Sources close to the Michael Jackson sexual molestation investigation said Friday that prosecutors and Jackson's attorneys are negotiating terms for his return to the United States, and one of the entertainer's lawyers said he expects him to be back by Christmas.
Meanwhile, Jackson's lawyers took steps to seek a gag order in the case, which has attracted international publicity. The lawyer for a 13-year-old boy who says that Jackson molested him said Jackson's attorneys notified him late Friday that they want to prevent him from sharing information with the media and with law enforcement officials.
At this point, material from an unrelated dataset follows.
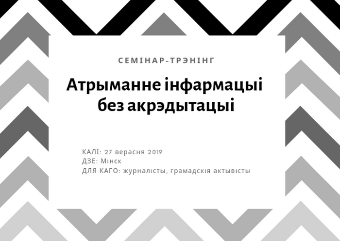 В Минске 27 сентября 2019 года планируется провести семинар-тренинг по доступу к информации с использованием механизмов Закона Республики Беларусь об обращениях граждан и юридических лиц, Указа о дополнительных мерах в работе с обращениями граждан, механизма административных процедур и принципа «Одно окно».

"I received a letter from his lawyers saying that they're seeking an order to prevent me from talking to any person . . . in order that Jackson's constitutional rights under the 5th Amendment not be violated," attorney Larry R. Feldman said. The letter, he added, informed him that Jackson's lawyers will make that request Monday and may ask the court to delay further action in the civil case until the judge rules on their request for a gag order.
Howard Weitzman, one of several lawyers representing Jackson, was unavailable for comment about the gag order request, but earlier in the day confirmed that he and Johnnie Cochran Jr., another Jackson lawyer, met Wednesday with Los Angeles County district attorney's office representatives. Weitzman declined to comment on the discussion.
A source close to the investigation said the meeting dealt at least in part with the issue of whether Jackson would be arrested if he returned and whether he would agree to a body search.
Meanwhile, there was a frenzy of news media activity around the Santa Barbara airport, near Jackson's Neverland Ranch, amid rumors that the pop star had slipped back into the country Friday afternoon. After a private 727 landed at the airport, reporters descended on the facility by land and air, chasing unconfirmed reports that Jackson was on the airliner. One airport source cautioned that large private and corporate jets frequently use the facility.
Authorities investigating allegations that Jackson molested a 13-year-old boy are eager to conduct such a search to see if a physical description provided by the boy matches that of the entertainer.
At one point, police secured a search warrant to examine Jackson, and they later served warrants on a Santa Monica plastic surgeon and a Beverly Hills dermatologist. At least one of those doctors, sources said, was questioned about whether Jackson was undergoing treatment to alter his appearance.
Later, one of the physicians treating Jackson released a statement that he was only being treated for drug addiction.
Feldman said that he too had heard that the meeting between Jackson's lawyers and prosecutors was called to discuss conditions for Jackson's return and his cooperation with authorities.
"From information I have been able to piece together, I think they are attempting to work out an agreement to do a body search," said Feldman, who did not attend the meeting and would not divulge the source of his information.
Although he has not ruled it out directly, Weitzman has previously hinted that he would oppose a body search, which he said would be "about as intrusive as could be."
The source said Jackson's lawyers indicated that the singer might be willing to agree to the search if he could be assured that police would not arrest him as he entered the country. The source added that Jackson's lawyers and prosecutors expect to continue meeting to discuss possible arrangements for the singer's return.
Although he would not comment on the meeting with prosecutors, Weitzman said he expected Jackson to be back in the country soon.
"His treatment is going very well," Weitzman said, a reference to drug rehabilitation treatment that Jackson's entourage says the entertainer has been undergoing at a secret European location.